[Heads-up] Ransomware Insurance Expert: "Bad Guys Do More Damage Than They Used To"



Ransomware-Insurance

The ransomware plague is not letting up and rapidly getting more technically sophisticated. New strains are popping up every month, using innovative methods to spread. Worse, the ransom demands themselves are skyrocketing at the same time.

This week, cyber insurance experts reported incidents with ludicrous 1 million dollar extortion attempts after attackers were able to encrypt some very important data. The fact that the criminals felt able to demand a king's ransom is telling.

Global data recovery firm Proven Data provides ransomware assistance, data recovery and digital forensic services to companies worldwide. It works with insurers, brokers and individual companies to minimize downtime after cyber incidents and restore business functionality as quickly as possible.

Victor Congionti, CEO of Proven Data told Insurance Business: “Ransomware is only going to become more sophisticated, we expect hackers to start using machine learning and artificial intelligence to develop ransomware variants that evade anti-virus with ease."

Linda Hamilton, client operation manager at Proven Data said: “In the past, hackers used to prefer RDP brute-force attacks where they would enter a system, locate back-ups, encrypt with a variant of ransomware and then leave. The attacks were relatively simple and straightforward.”

They’re generally doing a lot more damage than they used to

Hamilton continued: “That’s not the case anymore. We’re seeing more and more hackers moving laterally within systems. They’re getting smarter, turning off anti-virus systems, and creating domain controller accounts to gain complete access to systems. They’re generally doing a lot more damage than they used to.”

Cyber criminals are also getting smarter in specifically targeting who to extort. Manufacturers, hospitals, government agencies and schools are particularly susceptible to an attack, especially if they hold sensitive personal information that hackers can exploit to demand more money.

Targeting larger organizations demanding higher ransom fees

“Hackers are targeting larger organizations because they’re able to demand a higher ransom fee,” said Mark Congionti, Proven Data's president of operations. “They’re also tending to target countries where they think they can extort more money, so places like the US, the UK and Canada where there are higher costs of living, higher wages and so on.”

A British enterprise stared at million pound ransom demand

The source for the tale is Graeme Newman of CFC Underwriting, whose company traces its roots back two decades and is proud to have pioneered cyber-insurance years before the first weapons-grade strain of ransomware CryptoLocker had even been invented.

CFC says it has recently started seeing ransom demands for 100K and 200K pounds from clients, part of an uptick in claims connected to targeted extortion as well as that other big scam CEO Fraud, also known as Business Email Compromise (BEC).

"This is the largest ransom demand we have seen to date in the UK and follows a current trend of increasingly targeted extortion demands, with increasingly large amounts demanded," says Newman.

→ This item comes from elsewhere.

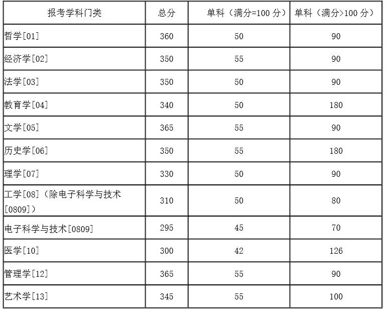 一、报考我校考生进入复试的初试成绩基本要求(学术学位类)

The role of cyber-insurance, should they pay the ransom?

For small and medium organizations, Newman said, "cyber-insurance is a short cut to help at a time of crisis." With a cyber-insurance provider involved, "they'll have a lawyer on hand, a forensics company, a notification provider, a PR consultancy, and an incident-response manager who can manage the whole project end to end. It's peace of mind of having somewhere to turn to."

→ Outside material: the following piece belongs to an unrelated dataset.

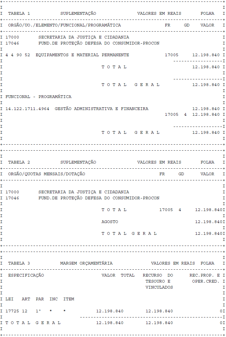 Artigo 1° - Fica aberto um crédito de R$ 12.198.840,00 (doze milhões, cento e noventa e oito mil, oitocentos e quarenta reais), suplementar ao orçamento da Fundação de Proteção e Defesa do Consumidor - PROCON, observando-se as classificações Institucional, Econômica, Funcional e Programática, conforme a Tabela 1, anexa.

However, if an organization's backups turn out to fail, paying the ransom is the preferred insurer's option because it's cheaper—consider just the downtime alone—than restoring all systems manually.

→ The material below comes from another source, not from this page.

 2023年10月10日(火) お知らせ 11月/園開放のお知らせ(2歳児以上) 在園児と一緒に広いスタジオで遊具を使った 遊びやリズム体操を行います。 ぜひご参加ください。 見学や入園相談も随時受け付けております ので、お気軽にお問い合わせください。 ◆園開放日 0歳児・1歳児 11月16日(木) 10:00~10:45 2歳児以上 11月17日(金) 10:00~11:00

A potentially unintended consequence, becoming a target

It's a pessimistic analysis: having a ransomware extortion insurance policy might make an organization more likely to be targeted. Cyber criminals would attack and try to figure out if their mark is covered for extortion, so in a network-wide infection where all machines are locked at the same time, an insurer might pay quickly.

High-risk organizations in that case would be the insurance company themselves, their brokers, and employees in Legal, Accounting and C-level positions who would know about cyber security insurance policies. Allied Market Research predicts that the sector will grow into a 14 billion dollar global market by 2022.

The most effective way to protect your network against ransomware infections

Cyber risk managers worldwide agree that people are the weak link when it comes to an organization's exposure to malware–and hackers use social engineering tactics to exploit the people problem.

Stepping all employees through new-school security awareness training is an absolute must "piece of the defense-in-depth puzzle" to protect your network.

Users become your last line of defense and your essential, additional security layer: an effective human firewall.